__WHAT TO WORK ON__
For the listing below, return the line containing "Summer new stylish", the line containing "The temperature of", and all lines in between, exactly as written and nothing else.

__DATASET RECORDS__
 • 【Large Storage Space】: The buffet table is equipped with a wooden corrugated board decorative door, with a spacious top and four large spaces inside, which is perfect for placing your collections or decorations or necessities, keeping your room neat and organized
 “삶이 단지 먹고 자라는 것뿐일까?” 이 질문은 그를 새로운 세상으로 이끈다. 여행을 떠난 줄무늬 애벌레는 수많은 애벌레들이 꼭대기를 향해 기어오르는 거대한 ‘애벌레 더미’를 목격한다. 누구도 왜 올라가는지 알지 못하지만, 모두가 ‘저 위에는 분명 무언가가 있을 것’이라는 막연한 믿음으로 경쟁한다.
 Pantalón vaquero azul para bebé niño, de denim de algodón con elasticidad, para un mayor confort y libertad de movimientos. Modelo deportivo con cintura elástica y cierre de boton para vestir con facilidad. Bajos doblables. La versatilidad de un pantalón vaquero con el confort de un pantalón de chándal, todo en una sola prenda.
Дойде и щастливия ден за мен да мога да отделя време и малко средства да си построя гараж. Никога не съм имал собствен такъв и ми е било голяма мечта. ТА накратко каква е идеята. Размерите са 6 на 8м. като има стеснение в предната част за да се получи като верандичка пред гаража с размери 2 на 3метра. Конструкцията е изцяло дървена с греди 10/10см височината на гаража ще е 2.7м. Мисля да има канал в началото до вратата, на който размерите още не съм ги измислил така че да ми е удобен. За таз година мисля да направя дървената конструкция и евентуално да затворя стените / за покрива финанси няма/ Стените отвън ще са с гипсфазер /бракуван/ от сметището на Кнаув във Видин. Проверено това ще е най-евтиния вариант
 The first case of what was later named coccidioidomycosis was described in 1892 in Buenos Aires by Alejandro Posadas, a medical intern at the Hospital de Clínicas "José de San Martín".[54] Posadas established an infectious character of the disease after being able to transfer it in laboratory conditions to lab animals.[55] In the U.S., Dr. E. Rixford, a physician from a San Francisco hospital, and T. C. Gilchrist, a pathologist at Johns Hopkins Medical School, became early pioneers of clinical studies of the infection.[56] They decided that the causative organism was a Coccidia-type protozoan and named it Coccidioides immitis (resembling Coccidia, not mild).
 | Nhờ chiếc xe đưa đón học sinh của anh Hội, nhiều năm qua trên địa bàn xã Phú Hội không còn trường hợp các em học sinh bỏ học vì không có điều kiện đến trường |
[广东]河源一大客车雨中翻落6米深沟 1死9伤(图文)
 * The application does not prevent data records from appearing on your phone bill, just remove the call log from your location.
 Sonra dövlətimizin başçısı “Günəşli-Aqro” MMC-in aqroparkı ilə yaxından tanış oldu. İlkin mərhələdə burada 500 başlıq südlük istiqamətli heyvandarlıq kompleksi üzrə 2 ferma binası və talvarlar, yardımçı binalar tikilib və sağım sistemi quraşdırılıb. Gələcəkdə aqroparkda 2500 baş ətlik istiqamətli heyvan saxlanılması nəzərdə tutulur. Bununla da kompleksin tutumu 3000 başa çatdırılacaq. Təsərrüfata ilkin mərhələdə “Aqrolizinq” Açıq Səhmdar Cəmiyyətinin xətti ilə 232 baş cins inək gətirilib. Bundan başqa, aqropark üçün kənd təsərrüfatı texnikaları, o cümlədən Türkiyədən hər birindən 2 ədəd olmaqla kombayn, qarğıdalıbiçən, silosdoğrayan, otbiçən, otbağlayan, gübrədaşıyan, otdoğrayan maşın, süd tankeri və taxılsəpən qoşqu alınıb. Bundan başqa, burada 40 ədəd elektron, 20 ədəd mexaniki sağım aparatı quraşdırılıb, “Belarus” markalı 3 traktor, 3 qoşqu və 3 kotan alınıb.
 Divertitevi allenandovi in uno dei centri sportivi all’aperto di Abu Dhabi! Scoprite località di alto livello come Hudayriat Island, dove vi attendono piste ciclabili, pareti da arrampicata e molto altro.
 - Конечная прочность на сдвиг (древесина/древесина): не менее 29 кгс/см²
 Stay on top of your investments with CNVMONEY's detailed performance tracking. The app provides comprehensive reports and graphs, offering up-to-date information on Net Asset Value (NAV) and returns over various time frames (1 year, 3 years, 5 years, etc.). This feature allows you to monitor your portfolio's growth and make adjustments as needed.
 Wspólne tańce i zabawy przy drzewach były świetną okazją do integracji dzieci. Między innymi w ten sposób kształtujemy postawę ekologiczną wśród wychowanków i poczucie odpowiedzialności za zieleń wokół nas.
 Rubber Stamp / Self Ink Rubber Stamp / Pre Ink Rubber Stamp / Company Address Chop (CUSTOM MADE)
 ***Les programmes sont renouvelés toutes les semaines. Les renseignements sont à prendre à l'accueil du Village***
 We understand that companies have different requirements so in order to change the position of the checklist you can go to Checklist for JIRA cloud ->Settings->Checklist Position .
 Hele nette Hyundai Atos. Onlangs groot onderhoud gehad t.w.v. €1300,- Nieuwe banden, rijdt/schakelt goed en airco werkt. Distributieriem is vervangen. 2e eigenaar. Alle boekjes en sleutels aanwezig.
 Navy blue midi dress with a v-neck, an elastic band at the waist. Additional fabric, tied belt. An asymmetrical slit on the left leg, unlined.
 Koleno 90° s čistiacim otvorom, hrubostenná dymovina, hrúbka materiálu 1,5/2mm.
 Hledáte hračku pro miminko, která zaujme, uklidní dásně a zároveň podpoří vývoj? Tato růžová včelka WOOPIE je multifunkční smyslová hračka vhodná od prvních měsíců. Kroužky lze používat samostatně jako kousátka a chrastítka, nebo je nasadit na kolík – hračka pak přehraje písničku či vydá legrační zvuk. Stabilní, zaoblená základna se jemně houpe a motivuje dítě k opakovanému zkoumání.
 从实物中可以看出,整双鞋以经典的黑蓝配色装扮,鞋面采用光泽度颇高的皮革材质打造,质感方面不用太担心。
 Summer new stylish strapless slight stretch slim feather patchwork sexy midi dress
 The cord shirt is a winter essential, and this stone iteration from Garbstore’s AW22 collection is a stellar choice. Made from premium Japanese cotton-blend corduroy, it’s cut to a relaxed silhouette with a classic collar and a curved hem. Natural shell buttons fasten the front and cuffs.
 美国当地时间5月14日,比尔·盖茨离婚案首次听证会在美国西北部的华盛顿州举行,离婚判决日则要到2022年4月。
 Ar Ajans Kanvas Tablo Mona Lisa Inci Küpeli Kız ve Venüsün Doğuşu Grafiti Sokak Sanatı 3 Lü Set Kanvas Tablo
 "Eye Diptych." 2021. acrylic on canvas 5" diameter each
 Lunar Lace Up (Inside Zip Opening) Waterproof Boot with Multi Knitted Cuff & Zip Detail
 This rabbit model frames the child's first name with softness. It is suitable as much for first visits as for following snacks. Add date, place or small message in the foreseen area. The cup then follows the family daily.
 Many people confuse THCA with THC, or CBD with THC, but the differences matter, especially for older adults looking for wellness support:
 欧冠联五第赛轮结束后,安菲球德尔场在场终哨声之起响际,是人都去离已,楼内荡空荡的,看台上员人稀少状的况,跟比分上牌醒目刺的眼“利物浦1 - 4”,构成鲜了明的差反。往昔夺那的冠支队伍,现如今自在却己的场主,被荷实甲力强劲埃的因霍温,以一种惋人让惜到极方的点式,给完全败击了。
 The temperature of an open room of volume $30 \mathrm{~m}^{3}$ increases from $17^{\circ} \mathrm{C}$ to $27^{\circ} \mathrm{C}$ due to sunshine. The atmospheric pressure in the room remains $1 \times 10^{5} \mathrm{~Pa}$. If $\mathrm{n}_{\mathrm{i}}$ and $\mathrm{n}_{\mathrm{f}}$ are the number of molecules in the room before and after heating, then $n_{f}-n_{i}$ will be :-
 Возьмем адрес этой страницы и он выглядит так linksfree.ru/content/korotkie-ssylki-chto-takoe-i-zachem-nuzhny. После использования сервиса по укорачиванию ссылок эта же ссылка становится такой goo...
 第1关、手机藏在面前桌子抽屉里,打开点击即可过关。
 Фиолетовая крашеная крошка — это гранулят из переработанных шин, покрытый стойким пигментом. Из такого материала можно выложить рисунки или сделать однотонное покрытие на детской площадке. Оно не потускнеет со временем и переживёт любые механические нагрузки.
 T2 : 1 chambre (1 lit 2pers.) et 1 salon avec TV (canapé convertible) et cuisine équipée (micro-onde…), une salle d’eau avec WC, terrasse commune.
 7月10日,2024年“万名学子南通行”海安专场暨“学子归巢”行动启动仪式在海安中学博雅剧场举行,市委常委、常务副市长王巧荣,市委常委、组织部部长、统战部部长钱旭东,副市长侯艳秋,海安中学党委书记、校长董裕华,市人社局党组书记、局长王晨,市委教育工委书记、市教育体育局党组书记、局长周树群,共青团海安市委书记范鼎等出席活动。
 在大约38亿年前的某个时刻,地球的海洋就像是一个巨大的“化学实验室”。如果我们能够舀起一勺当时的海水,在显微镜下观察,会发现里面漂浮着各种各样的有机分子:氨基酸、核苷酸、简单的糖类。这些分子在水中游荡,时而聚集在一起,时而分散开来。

__TASK ANSWER__
 Summer new stylish strapless slight stretch slim feather patchwork sexy midi dress
 The cord shirt is a winter essential, and this stone iteration from Garbstore’s AW22 collection is a stellar choice. Made from premium Japanese cotton-blend corduroy, it’s cut to a relaxed silhouette with a classic collar and a curved hem. Natural shell buttons fasten the front and cuffs.
 美国当地时间5月14日,比尔·盖茨离婚案首次听证会在美国西北部的华盛顿州举行,离婚判决日则要到2022年4月。
 Ar Ajans Kanvas Tablo Mona Lisa Inci Küpeli Kız ve Venüsün Doğuşu Grafiti Sokak Sanatı 3 Lü Set Kanvas Tablo
 "Eye Diptych." 2021. acrylic on canvas 5" diameter each
 Lunar Lace Up (Inside Zip Opening) Waterproof Boot with Multi Knitted Cuff & Zip Detail
 This rabbit model frames the child's first name with softness. It is suitable as much for first visits as for following snacks. Add date, place or small message in the foreseen area. The cup then follows the family daily.
 Many people confuse THCA with THC, or CBD with THC, but the differences matter, especially for older adults looking for wellness support:
 欧冠联五第赛轮结束后,安菲球德尔场在场终哨声之起响际,是人都去离已,楼内荡空荡的,看台上员人稀少状的况,跟比分上牌醒目刺的眼“利物浦1 - 4”,构成鲜了明的差反。往昔夺那的冠支队伍,现如今自在却己的场主,被荷实甲力强劲埃的因霍温,以一种惋人让惜到极方的点式,给完全败击了。
 The temperature of an open room of volume $30 \mathrm{~m}^{3}$ increases from $17^{\circ} \mathrm{C}$ to $27^{\circ} \mathrm{C}$ due to sunshine. The atmospheric pressure in the room remains $1 \times 10^{5} \mathrm{~Pa}$. If $\mathrm{n}_{\mathrm{i}}$ and $\mathrm{n}_{\mathrm{f}}$ are the number of molecules in the room before and after heating, then $n_{f}-n_{i}$ will be :-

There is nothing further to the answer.